13 October 2021 - The third meeting of the Regional Subcommittee for Polio Eradication and Outbreaks took place on Tuesday 12 October as part of the WHO Eastern Mediterranean Region’s Sixty-eighth session of the Regional Committee.
Dr Hala Zayed, Minister of Health and Population, Egypt, and Co-Chair for the Subcommittee, reported back to Member States on the key achievements of the Subcommittee and progress made in 2021 on polio eradication in the Region. The Subcommittee first convened in March and has since attracted increasingly sustained, high-level participation from key regional leaders and global stakeholders, engaging them in discussions driven from the regional level.
Key global polio eradication stakeholders were invited to join the session, including the Polio Oversight Board Chair Dr Chris Elias (President, Bill & Melinda Gates Foundation), and members Dr Rochelle Walensky (Director, US Centers for Disease Control and Prevention – CDC), Dr Seth Berkley (CEO, Gavi, the Vaccine Alliance) and Dr Michael McGovern (Chair of International Polio Plus Committee, Rotary International). This high-level engagement of core global partners, alongside key regional counterparts like Mr George Laryea-Adjei (UNICEF Regional Director for South Asia) and the WHO Regional Director for Africa, Dr Matshidiso Moeti, sends a clear signal to Member States that polio is a key regional public health emergency, and the solution we seek must be regionally led.
Interventions on polio were made by multiple Member States, including Bahrain, Djibouti, Egypt, the Islamic Republic of Iran, Pakistan, Saudi Arabia, Sudan and the Syrian Arab Republic, reflecting broader engagement on polio beyond the core group of countries battling wild poliovirus and outbreaks of circulating vaccine-derived poliovirus. It has often been said that polio anywhere is a threat to children everywhere, and the experience of the past two years, both in terms of the spread of the COVID-19 pandemic and the rapid expansion of cVDPV outbreaks across the Horn of Africa, underscore the risks posed to all states by viruses that do not stop at international borders. Polio is the entire Region’s problem to solve.
Recent developments in Afghanistan, the vulnerability of the country’s health system and the implication for polio eradication, loomed large on the meeting’s agenda. Dr Chris Elias underscored the importance of an urgent restart of house-to-house polio vaccination campaigns in the country, and that this is made a priority.
Gavi, the newest partner of the Global Polio Eradication Initiative (GPEI), also spoke to the remaining challenges the programme faces in Afghanistan and Pakistan. Dr Seth Berkley reiterated Gavi’s “continued support to strengthen routine immunization delivery” and applauded the commitment of the new GPEI strategy to focus on intensifying efforts to integrate polio vaccination and the expanded programme on immunization (EPI) during the last mile.
With just two cases of wild poliovirus reported this year, one each in Afghanistan and Pakistan, and discussion growing around what that means, the Subcommittee Co-Chair Dr Hala Zayed framed the moment as an “unprecedented opportunity” to stop polio; a truly “critical juncture”.
Dr Rochelle Walensky echoed this point in her intervention, noting that “the opportunity to eradicate polio has never been better,” despite the challenges posed across the Region by multiple emergencies and the ongoing COVID-19 pandemic. She also emphasized the unyielding support of the United States for the two remaining polio-endemic countries, noting that US CDC is “committed to identifying ways to help Afghan children no matter where they are, and to identifying ways to reach the chronically missed children of Pakistan.”

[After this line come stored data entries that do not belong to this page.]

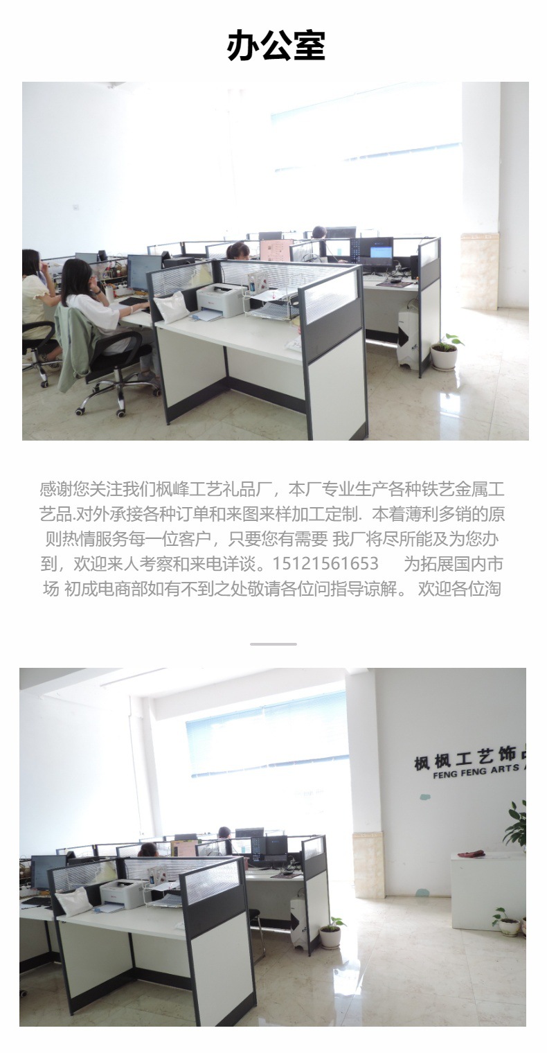 感谢您关注我们艾赤工艺礼品厂,本厂专业生产各种铁艺金属工艺品.对外承接各种订单和来图来样加工定制. 本着薄利多销的原则热情服务每一位客户,只要您有需要 我厂将尽所能及为您办到,欢迎来人考察和来电详谈。15121561653 为拓展国内市场 初成电商部如有不到之处敬请各位问指导谅解。 欢迎各位淘宝商家前来合作批发,本厂为商家提供一件代发,批发服务。竭诚合作 携手共赢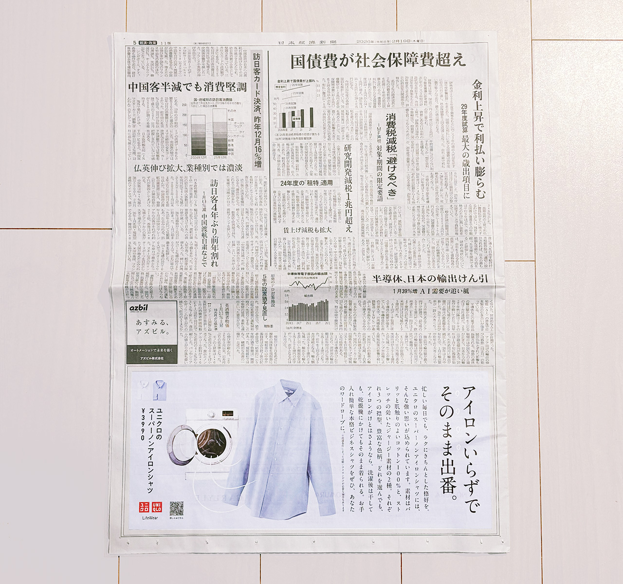 ユニクロ 2026/2/19 読売、朝日、日経新聞の広告欄にて洗濯機のイラストを描いています。店頭POP、WEBにも掲出されています🧺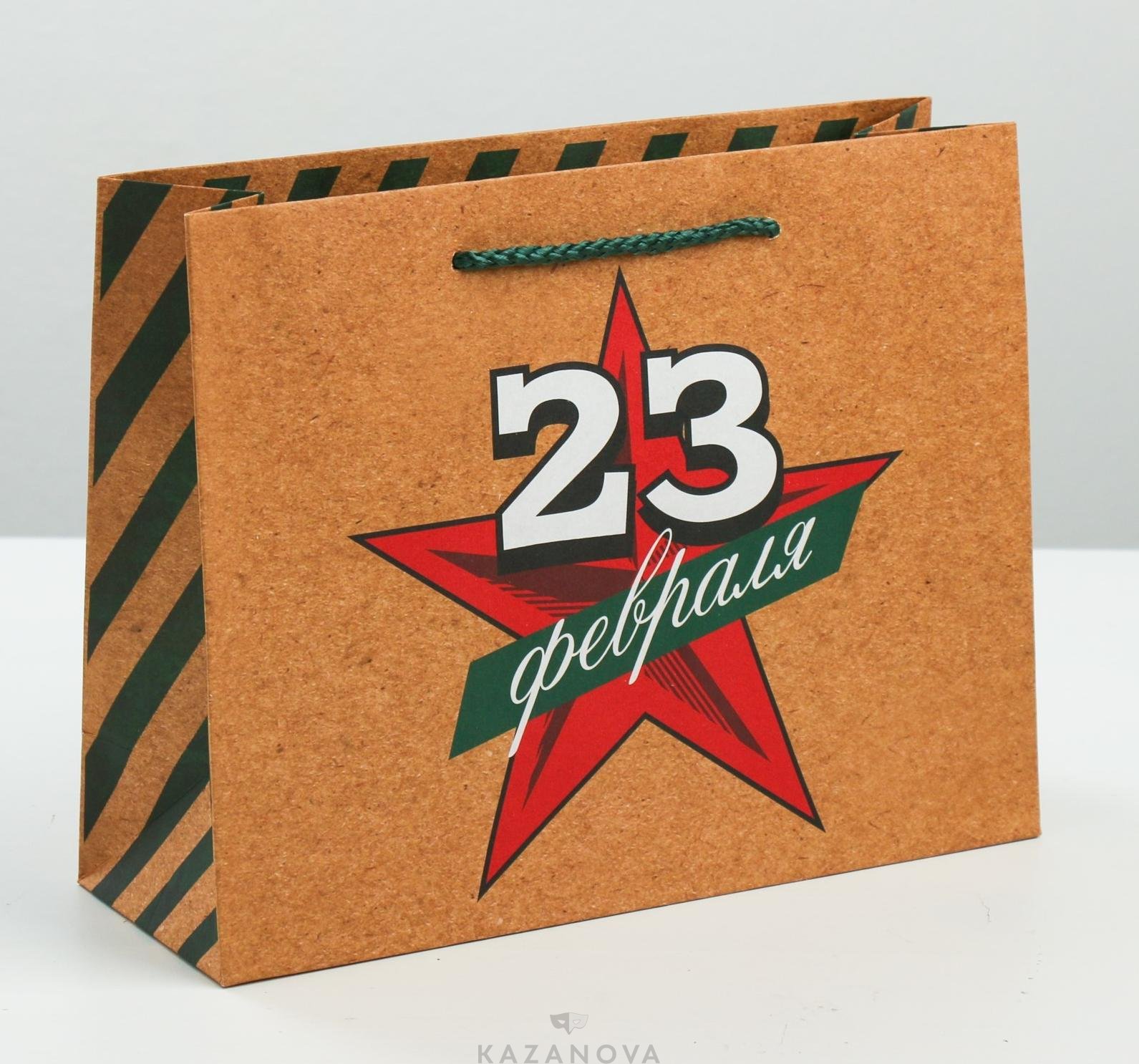 Подарочный пакет «23 февраля» из бумаги с ярким рисунком подчеркнет особенные чувства дарителя.

Dr Michael McGovern reiterated Rotary’s support to Member States in the Region and praised the frontline workers who “inspire us each day”.

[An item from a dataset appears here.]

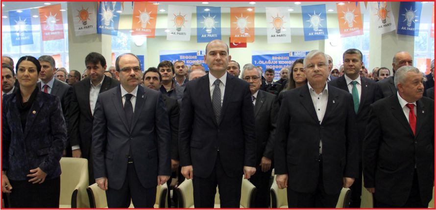 "17-25 Aralık gibi belki de Cumhuriyet tarihimizin görmediği en büyük entrikalarına ve hilelerine rağmen, içeride ve dışarıda hepsi bir araya geldiler, hepsi psikolojik olarak ve asimetrik bir başlattılar. Bu ülkenin topraklarının ucuzlamasını istediler. Çünkü yeni dünyanın en temel ve en stratejik merkezlerinden birisi Türkiye'dir. Modern ipek yolunun merkezi Türkiye'dir. Enerji geçiş güzergahının merkezi Türkiye'dir. Batı ve doğu arasında insan kaynaklarıyla beraber geleceğe adım atabilecek en temel stratejik noktalardan bir tanesi Türkiye'dir. Baktılar ki Çözüm Süreci yapıyorlar. Baktılar ki AK Parti, bu coğrafyadaki bugüne karşılaştıkları ve karıştırdıkları her meseleyi, bir taraftan dindarların, bir taraftan köylülerin, bir taraftan Alevilerin bir taraftan Kürtlerin bir taraftan bu memleketin evlatlarının ekonomik olarak sindirilmeye çalışılan evlatların ötekileştirilmesinden Türkiye'yi çekip çıkarıyor, karıştırmak istediler."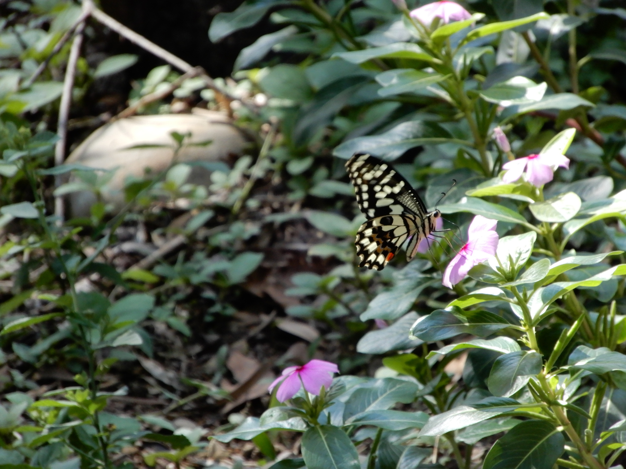 Papilio demoleus | species | Catharanthus roseus | species | visitsFlowersOf | Animalia | Arthropoda | Insecta | Lepidoptera | Papilionidae | Papilio | Plantae | Tracheophyta | Magnoliopsida | Gentianales | Apocynaceae | Catharanthus | 25.0056 | 121.331494 | 2024 | 10 | 6 | http://creativecommons.org/licenses/by-nc/4.0/ | https://www.inaturalist.org/observations/247098779 | |

What is increasingly evident as the work of the Regional Subcommittee gathers pace, is that the Member States of the Region and their partners believe that there are twin opportunities before us: the epidemiological opportunity presented by the lowest-ever WPV case counts, and the political and practical opportunity presented by having so many core stakeholders at the same table, committed to delivering on our promise to the Region’s children – together.